As I understand it, Peggy's accountants are taking a current cash cost and saying that it really isn't a current expense (and they are calling it a reserve.) But in the context of John's example this becomes confusing because it is not like John's example "reserve". It is instead more like a prepaid expense which, for P&L purposes should be expensed in the period when the benefit of the expense is "used up". One could assume that in the CMM case that would be when the revenues come in that the expense helped to create.

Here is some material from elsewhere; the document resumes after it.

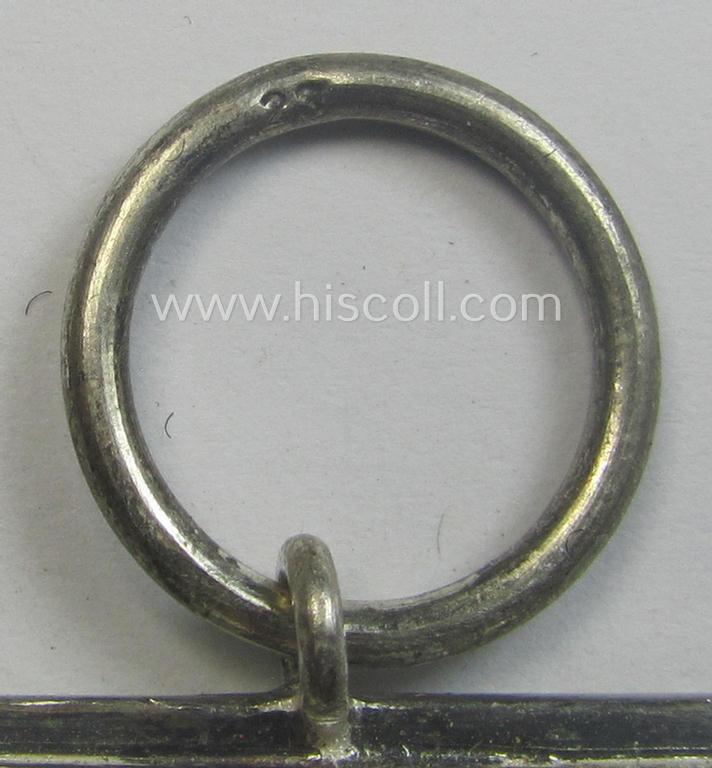 The truly very attractive piece - which was presumably issued but that was simply never worn nor even mounted - came together with its 'mint- ie. unissued', neatly pre-folded, non-confectioned (and approx. 29 cms. long-sized) ribbon (ie. 'Bandabschnitt'). The cross - which shows a clear makers'-designation: '23' stamped into its ring - was with certainty never cleaned and has a very attractive and only minimally tarnished age-patina: it shows, however, all of its off-factory-applied so-called: 'hochpolierte Kanten' (or: polished sides) and has just a minimally 'tarnished' finish (as can be seen on the pictures). The cross has a truly very nicely preserved, black-finished (ie. clearly 'satin'-like ie 'matted'-style) core: it is void of any paint-damage or alike (as can be seen on the pictures). The piece is just a tiny bit dusty and/or stained but was never cleaned nor polished. The cross is an evident specimen that was produced by the maker ie. 'Hersteller' named: 'Arbeitsgemeinschaft für Heeresbedarf in der Graveur- u. Ziselierung' as was based in the town of Berlin and has truly nice and/or pronounced detail as to be expected for a cross by this desirable - and not that easily found! - maker. The IC was recently found at a German private-household and was never before in collectors'-hands. Simply an attractive and clearly maker-marked 'EK II. Klasse' that will be very hard to be upgraded!

A simpler example would be if H3's mining/investment firm could prepay the rent on their offices for 5 years (presumably to lock in a lower rent rate.) For cash flow purposes it hits H3's bank account right away and his CF statement would show it as such. On H3's P&L the rent expense would only be the amount for the current period, and the rest of that rent would go to the asset side of the balance sheet as "prepaid rent." (This has the effect of increasing the current period "Net Income Before Taxes" correctly since most of the rent is for periods in the future.) Then as time passes, each year the P&L would show a "rent expense" (debit to expense) and the Balance sheet would show an equal amount (credit to the asset) to reduce the "prepaid rent." This reduces future years "Net Income before Taxes" correctly since the rent paid in the past is used up in future years as an expense in those years.
Sorry if this example is insultingly elementary; it's not intended that way.